■ How to complete this task ■
Find all the lines in the entries below that hold the word "long" and copy them.

Data records
[Start of Attachment]

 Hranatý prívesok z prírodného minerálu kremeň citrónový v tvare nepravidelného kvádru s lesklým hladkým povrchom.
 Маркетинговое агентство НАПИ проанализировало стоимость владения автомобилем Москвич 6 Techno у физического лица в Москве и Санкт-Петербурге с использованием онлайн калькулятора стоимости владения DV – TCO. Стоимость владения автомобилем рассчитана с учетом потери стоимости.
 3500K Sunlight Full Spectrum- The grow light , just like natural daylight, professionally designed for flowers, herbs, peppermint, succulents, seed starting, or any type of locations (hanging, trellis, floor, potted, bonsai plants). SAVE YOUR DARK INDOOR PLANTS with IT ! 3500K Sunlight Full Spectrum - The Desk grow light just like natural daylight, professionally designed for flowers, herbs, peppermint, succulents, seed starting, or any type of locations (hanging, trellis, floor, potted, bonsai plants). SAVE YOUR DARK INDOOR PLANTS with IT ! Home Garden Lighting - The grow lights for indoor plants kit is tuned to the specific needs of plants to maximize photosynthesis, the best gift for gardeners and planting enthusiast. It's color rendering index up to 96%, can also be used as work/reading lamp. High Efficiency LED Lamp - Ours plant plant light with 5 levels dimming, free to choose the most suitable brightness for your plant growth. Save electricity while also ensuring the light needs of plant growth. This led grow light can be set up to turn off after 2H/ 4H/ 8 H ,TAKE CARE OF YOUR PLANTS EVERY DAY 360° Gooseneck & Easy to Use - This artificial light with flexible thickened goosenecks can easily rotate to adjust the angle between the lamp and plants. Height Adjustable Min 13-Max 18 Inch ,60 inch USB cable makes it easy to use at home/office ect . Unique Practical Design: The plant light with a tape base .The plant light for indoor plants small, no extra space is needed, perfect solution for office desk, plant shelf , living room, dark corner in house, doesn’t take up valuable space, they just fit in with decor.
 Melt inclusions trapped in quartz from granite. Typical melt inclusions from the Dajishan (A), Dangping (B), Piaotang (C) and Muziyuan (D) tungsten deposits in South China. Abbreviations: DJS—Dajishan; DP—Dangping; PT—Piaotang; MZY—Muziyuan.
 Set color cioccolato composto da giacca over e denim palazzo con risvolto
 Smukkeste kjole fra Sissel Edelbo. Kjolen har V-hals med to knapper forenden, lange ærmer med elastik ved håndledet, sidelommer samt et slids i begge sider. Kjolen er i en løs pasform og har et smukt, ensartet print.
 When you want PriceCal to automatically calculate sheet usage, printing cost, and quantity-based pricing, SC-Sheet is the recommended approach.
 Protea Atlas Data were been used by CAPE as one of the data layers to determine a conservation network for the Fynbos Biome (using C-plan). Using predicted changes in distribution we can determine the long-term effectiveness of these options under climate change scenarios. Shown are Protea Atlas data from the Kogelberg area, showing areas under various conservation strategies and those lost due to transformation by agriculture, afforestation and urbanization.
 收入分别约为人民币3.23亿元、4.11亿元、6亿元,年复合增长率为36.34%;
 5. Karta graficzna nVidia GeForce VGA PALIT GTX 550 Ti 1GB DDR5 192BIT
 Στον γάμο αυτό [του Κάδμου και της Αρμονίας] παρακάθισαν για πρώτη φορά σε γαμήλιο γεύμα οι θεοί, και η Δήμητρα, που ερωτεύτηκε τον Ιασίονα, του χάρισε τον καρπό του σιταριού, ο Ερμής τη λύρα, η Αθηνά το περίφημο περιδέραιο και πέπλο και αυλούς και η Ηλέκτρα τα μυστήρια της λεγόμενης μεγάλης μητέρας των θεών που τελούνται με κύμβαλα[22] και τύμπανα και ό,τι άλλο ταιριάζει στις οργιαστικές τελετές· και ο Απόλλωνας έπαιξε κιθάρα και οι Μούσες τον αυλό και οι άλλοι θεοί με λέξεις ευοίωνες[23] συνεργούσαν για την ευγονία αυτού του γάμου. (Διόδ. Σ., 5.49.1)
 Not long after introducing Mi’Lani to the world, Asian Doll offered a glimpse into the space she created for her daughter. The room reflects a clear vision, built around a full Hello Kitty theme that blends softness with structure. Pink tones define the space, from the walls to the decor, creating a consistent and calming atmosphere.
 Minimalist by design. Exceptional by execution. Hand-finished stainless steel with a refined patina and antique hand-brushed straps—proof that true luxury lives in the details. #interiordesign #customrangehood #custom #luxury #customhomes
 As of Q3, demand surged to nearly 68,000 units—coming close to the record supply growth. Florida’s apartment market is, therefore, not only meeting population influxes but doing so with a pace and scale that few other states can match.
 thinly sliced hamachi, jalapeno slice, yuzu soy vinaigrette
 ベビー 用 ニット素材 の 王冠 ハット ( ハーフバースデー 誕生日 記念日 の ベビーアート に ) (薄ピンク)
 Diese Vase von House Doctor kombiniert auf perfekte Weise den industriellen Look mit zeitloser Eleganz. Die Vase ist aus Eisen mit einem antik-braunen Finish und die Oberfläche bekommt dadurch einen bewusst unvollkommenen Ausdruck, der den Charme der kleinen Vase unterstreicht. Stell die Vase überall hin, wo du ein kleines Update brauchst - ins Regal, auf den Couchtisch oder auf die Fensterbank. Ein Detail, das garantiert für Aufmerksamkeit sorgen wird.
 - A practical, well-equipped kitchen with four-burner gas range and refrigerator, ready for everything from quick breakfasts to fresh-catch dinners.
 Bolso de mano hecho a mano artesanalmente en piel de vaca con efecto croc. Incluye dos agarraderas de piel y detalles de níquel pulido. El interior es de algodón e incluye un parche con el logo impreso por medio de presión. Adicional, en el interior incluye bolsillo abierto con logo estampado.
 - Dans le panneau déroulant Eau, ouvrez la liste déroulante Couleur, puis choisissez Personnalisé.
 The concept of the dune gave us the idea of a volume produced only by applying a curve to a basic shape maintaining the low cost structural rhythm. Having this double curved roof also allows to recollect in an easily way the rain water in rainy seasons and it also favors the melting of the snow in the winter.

[End of Attachment]

■ Written response ■
 Protea Atlas Data were been used by CAPE as one of the data layers to determine a conservation network for the Fynbos Biome (using C-plan). Using predicted changes in distribution we can determine the long-term effectiveness of these options under climate change scenarios. Shown are Protea Atlas data from the Kogelberg area, showing areas under various conservation strategies and those lost due to transformation by agriculture, afforestation and urbanization.
 Not long after introducing Mi’Lani to the world, Asian Doll offered a glimpse into the space she created for her daughter. The room reflects a clear vision, built around a full Hello Kitty theme that blends softness with structure. Pink tones define the space, from the walls to the decor, creating a consistent and calming atmosphere.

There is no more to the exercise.